India's entry into the Super Six stage revived some interest in the World Cup even in England. But the host country's departure in the league phase itself was a shame, but not entirely unexpected considering that they have taken such poor care of their cricket. But the real surprise was Zimbabwe making it to this elite group. It shows that cricket is getting truly global and playing standards are evening out.
Saurav Ganguly and Rahul Dravid made India's passage into the Super Six easier than was imagined. But the player who by his own astonishing standards hasn't been spectacular is, of course, Sachin Tendulkar. Why was he ever played in the middle-order? Fiddling around with the finest batsman playing cricket today was a ridiculous idea, never mind Ganguly and Dravid's high scores. As regards bowling, with Debashis Mohanty teaming up with Srinath and Prasad, the attack seems more incisive. But using only four specialist bowlers in these conditions is inviting trouble. The two best teams in the tournament-Pakistan and South Africa-have shown that one cannot sacrifice bowling depth for an extra batsman.
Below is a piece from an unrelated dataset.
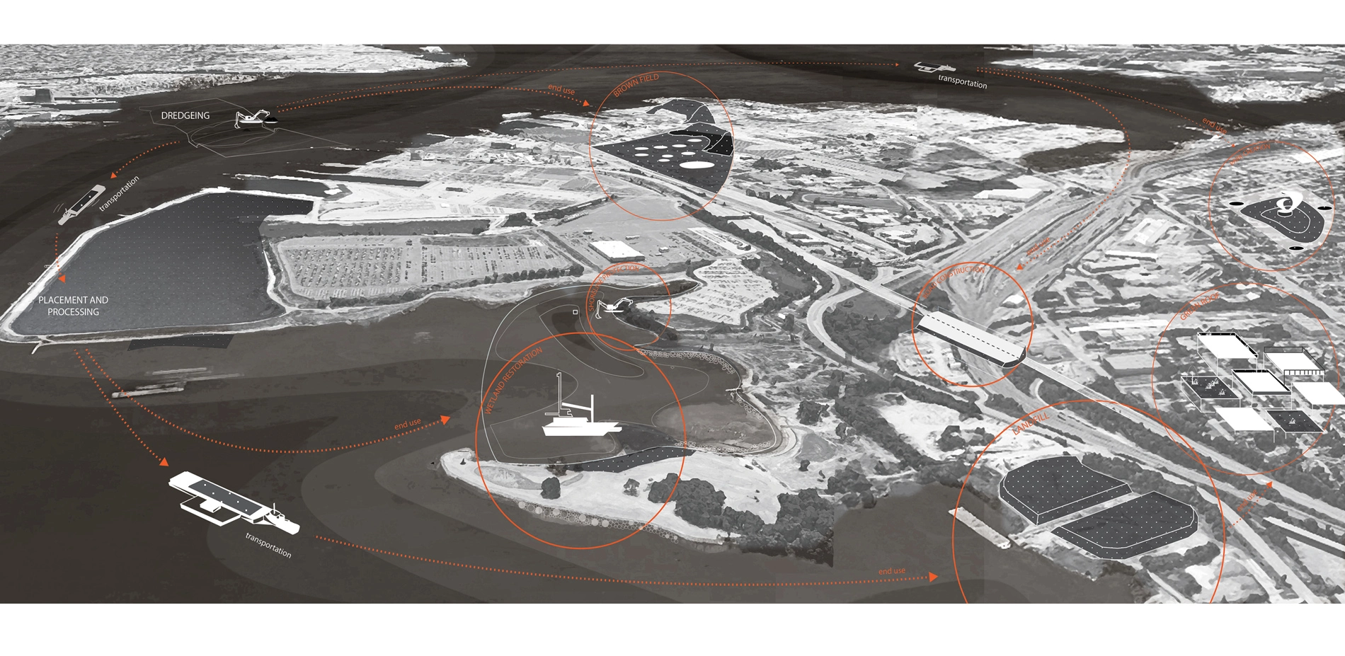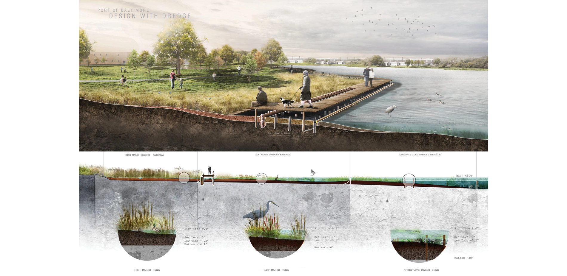 Every year in the Baltimore Harbor natural and anthropogenic siltation processes infill waterways and navigation channels, necessitating the removal of 1.5 million cubic yards of sediment to keep the port operating. The Design with Dredge research program brings together practitioners, community members, academics, regulatory and policy officials, and industry representatives to advance shared conceptual frameworks, planning priorities, and applied landscape strategies for resilient dredged material management in the Baltimore region. Through cross-disciplinary collaboration, compound research methods, and direct stakeholder engagement the program provides a lens through which to explore emerging and future landscape infrastructure issues facing port cities and coastal communities. It also serves as a medium for material investigation and a cooperative paradigm for engaged civic action. In recasting the clays, silts, sands, and gravels of the Baltimore Harbor as a substrate of resiliency, Design with Dredge is catalyzing the institutional and operational energy and knowledge of diverse stakeholders to reimagine what it means to live in a dynamic urban estuary where legacies of labor, innovation, and ecological justice overlap.

India's progress and the upset defeats of South Africa and Pakistan apart, the big story of the week was England's unceremonious exit from the World Cup. You might say that Alec Stewart's side was unlucky to go out in spite of winning three matches. But there can be little sympathy for a team that gets defensive when aggression is the need of the moment, and crumbles under the first sign of pressure.
England's performance against India was pathetic. The batsmen threw in the towel as soon as Graham Thorpe was dismissed, albeit to a poor decision. Some of the shots I saw that day were shocking to say the least. But what else could one expect from a long line of mediocre players!
England are paying the price of being too self-absorbed. For some decades now, they have been a very bad touring side and have also failed to understand the rising importance of limited overs cricket, leading to their present predicament when they do not have any role models, nor any sparkling talent in schools and universities.
Unlike England, however, West Indies' departure was regrettable. I am a great admirer of their cricket, and believe that had they qualified for the Super Sixes, the sport would have got a fillip in the Caribbean. After their wonderful showing against Australia recently, expectations were high, and there must be acute disappointment that this team could do no better.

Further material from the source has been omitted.